(Extracted data entries)
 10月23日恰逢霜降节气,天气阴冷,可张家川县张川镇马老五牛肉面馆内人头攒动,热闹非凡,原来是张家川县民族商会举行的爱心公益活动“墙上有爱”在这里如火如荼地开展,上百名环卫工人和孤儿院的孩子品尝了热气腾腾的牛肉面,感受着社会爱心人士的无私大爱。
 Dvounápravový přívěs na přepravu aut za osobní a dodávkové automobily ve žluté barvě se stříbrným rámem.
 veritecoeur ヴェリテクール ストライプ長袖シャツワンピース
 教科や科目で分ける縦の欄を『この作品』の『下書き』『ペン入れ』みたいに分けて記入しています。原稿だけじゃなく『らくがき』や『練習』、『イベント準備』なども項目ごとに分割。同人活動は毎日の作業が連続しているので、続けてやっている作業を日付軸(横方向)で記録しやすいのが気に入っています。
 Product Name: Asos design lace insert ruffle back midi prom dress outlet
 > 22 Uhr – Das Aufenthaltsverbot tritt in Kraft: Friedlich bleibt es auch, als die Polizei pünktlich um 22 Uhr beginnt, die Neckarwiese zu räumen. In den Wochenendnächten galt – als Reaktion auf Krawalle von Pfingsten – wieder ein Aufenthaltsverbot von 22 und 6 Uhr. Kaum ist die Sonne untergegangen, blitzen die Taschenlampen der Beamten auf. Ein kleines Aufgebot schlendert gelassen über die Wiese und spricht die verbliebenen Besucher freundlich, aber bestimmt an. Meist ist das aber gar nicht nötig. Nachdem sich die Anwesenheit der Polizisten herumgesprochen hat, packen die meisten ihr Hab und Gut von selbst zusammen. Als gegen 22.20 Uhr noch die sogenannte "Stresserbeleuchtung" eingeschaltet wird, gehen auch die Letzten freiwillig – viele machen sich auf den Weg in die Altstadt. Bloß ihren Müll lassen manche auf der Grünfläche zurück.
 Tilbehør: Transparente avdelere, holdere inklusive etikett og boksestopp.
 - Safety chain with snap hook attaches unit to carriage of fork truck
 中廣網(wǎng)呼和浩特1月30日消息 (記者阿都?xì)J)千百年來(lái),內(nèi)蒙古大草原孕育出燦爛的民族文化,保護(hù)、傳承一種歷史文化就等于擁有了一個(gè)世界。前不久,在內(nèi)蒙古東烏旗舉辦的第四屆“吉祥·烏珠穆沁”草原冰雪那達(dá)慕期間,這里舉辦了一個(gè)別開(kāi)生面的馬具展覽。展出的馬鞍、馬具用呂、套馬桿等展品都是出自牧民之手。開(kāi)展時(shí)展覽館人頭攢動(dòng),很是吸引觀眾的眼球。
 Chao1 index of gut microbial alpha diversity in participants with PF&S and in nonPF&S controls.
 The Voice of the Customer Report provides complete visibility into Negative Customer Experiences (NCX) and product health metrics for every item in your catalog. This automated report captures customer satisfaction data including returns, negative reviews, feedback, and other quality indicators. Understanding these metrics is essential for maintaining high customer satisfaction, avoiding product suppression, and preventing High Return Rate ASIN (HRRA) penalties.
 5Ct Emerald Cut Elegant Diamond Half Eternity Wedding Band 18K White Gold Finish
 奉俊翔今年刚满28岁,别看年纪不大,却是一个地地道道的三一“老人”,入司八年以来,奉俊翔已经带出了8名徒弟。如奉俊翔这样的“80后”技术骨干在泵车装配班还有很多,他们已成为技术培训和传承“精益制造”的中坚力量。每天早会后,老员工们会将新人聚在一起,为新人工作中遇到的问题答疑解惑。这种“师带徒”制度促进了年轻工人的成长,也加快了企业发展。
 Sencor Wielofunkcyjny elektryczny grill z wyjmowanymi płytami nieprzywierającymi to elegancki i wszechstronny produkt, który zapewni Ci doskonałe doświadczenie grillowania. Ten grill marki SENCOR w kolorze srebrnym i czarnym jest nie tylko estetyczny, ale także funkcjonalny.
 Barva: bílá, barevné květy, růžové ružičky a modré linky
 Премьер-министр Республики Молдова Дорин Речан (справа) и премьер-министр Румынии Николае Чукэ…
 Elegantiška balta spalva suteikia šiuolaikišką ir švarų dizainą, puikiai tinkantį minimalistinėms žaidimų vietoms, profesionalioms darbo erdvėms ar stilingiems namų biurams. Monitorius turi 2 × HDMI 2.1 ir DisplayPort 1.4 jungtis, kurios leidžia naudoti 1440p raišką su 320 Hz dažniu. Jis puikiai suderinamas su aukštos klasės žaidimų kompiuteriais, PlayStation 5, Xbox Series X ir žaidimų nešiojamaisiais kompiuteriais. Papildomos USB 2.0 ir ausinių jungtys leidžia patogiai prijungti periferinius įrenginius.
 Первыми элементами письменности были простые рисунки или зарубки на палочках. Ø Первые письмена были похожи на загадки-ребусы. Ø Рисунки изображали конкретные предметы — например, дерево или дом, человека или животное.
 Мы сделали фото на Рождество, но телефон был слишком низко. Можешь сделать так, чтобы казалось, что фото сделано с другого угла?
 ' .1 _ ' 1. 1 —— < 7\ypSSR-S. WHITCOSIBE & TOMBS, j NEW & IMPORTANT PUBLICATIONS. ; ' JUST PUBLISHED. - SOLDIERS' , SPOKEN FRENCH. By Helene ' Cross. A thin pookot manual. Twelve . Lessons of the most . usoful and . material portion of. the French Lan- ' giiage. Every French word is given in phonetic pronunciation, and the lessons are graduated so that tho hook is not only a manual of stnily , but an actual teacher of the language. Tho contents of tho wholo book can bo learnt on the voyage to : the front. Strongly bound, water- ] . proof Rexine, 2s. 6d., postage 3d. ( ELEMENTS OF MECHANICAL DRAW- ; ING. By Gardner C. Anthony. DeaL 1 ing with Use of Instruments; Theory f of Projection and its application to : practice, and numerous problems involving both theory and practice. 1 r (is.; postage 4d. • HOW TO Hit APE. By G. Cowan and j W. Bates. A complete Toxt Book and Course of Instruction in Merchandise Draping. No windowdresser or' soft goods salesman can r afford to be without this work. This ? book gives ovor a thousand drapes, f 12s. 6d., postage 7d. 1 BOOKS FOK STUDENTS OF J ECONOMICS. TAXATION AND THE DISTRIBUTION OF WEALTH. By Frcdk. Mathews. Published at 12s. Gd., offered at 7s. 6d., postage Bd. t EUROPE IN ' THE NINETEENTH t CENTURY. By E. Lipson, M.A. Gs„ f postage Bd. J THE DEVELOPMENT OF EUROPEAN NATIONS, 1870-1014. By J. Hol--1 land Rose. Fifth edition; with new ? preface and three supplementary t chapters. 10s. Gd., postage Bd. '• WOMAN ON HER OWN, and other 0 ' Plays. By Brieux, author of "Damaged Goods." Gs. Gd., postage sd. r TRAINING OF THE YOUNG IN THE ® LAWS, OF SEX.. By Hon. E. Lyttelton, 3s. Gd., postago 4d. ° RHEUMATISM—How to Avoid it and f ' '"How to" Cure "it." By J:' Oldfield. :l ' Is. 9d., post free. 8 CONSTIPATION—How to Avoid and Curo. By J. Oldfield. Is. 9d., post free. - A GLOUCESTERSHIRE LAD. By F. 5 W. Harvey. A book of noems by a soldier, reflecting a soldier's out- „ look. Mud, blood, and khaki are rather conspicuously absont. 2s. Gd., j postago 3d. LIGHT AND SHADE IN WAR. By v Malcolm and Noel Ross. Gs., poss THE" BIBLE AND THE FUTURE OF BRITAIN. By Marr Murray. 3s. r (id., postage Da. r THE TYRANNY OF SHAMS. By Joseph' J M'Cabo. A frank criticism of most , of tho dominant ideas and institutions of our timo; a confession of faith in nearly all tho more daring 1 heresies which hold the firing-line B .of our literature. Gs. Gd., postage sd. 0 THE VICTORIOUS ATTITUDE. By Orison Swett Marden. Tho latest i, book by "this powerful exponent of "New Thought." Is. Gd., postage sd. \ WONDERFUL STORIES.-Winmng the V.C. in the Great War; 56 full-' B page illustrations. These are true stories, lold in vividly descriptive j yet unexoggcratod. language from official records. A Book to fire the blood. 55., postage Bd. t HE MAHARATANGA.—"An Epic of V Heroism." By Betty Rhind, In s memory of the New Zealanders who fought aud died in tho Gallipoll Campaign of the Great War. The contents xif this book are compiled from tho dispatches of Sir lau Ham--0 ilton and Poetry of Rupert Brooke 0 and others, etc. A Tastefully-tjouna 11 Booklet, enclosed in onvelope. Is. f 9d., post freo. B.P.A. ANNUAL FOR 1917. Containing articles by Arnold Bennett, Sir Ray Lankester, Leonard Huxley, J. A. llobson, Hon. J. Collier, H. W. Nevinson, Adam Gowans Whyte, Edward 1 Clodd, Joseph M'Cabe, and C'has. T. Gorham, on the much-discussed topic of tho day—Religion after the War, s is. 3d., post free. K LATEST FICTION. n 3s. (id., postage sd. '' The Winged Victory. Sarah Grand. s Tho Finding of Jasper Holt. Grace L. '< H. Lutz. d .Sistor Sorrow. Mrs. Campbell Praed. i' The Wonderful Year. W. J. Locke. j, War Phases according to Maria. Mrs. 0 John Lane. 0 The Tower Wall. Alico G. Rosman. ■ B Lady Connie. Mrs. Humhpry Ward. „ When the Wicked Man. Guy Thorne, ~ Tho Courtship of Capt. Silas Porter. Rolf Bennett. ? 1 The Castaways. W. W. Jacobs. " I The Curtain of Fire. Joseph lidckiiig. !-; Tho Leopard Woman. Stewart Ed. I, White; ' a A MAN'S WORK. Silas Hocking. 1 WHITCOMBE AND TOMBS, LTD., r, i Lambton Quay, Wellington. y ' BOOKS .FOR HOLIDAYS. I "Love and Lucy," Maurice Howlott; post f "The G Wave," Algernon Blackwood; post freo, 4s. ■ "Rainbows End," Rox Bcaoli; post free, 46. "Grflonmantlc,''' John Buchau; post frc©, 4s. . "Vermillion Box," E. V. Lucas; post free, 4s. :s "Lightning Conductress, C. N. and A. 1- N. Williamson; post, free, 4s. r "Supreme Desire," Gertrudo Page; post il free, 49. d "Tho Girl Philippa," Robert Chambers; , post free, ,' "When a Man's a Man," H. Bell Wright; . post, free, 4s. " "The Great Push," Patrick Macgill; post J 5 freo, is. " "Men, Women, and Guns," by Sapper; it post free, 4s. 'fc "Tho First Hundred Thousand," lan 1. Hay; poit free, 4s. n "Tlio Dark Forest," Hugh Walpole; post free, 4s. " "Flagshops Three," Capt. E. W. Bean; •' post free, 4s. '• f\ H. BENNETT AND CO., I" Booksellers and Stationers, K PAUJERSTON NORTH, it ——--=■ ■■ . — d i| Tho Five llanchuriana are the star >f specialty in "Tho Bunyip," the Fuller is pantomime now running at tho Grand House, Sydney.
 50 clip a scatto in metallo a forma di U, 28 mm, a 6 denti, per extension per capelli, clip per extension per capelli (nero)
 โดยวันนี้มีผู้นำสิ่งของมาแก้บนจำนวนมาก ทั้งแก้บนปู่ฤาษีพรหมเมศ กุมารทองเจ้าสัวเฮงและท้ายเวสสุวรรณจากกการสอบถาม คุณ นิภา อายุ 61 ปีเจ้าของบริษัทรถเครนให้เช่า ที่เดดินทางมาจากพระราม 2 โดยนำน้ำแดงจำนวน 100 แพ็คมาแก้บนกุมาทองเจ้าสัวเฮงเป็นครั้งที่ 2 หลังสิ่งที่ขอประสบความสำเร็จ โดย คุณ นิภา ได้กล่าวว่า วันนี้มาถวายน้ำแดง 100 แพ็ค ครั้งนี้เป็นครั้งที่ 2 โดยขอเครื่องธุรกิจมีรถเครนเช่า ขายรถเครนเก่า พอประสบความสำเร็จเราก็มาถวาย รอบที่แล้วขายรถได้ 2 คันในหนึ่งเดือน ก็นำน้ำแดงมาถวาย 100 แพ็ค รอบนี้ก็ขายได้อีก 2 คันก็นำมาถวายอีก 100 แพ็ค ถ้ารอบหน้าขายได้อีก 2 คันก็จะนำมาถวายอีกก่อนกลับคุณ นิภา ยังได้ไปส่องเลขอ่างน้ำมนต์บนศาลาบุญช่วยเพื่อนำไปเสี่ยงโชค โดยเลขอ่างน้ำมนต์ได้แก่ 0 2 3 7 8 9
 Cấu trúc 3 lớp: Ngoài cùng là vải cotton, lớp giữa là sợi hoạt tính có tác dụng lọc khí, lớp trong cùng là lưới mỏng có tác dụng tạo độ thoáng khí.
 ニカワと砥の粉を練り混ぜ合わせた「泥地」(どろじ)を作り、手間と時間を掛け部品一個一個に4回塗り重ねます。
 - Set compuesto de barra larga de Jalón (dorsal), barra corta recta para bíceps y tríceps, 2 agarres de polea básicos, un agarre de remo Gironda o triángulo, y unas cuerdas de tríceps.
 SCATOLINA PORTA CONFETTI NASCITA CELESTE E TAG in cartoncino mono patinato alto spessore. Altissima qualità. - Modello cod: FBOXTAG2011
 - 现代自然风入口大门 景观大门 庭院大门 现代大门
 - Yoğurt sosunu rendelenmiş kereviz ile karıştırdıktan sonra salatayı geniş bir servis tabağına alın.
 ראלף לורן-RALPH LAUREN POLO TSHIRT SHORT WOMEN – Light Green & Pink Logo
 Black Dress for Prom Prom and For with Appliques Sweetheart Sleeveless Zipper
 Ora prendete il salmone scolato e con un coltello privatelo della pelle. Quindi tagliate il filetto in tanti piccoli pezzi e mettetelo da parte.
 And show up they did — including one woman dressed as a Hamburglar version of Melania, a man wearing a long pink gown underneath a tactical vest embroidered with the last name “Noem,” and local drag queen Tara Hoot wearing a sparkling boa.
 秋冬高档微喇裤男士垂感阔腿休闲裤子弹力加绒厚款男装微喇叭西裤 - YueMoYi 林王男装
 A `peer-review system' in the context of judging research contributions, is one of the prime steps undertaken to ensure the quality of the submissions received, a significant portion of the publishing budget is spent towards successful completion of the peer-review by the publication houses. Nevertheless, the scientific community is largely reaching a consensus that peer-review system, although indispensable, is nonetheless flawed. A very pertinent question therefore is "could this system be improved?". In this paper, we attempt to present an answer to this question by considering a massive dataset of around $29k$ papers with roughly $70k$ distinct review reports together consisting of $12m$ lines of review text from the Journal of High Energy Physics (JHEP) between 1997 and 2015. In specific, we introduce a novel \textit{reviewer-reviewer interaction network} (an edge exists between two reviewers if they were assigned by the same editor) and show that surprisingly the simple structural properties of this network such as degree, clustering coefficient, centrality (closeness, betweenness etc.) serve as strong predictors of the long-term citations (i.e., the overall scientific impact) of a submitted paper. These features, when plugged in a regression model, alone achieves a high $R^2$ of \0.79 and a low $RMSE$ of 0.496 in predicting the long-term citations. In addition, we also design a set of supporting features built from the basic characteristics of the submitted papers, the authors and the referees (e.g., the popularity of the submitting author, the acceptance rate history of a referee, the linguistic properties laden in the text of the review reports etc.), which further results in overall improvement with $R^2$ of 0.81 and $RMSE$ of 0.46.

* [Exercise aim]
Taking the records above, retype every line from the one with "- Yoğurt sosunu" down to the one with "Ora prendete il", exactly and with nothing else.

* [Result of this task]
 - Yoğurt sosunu rendelenmiş kereviz ile karıştırdıktan sonra salatayı geniş bir servis tabağına alın.
 ראלף לורן-RALPH LAUREN POLO TSHIRT SHORT WOMEN – Light Green & Pink Logo
 Black Dress for Prom Prom and For with Appliques Sweetheart Sleeveless Zipper
 Ora prendete il salmone scolato e con un coltello privatelo della pelle. Quindi tagliate il filetto in tanti piccoli pezzi e mettetelo da parte.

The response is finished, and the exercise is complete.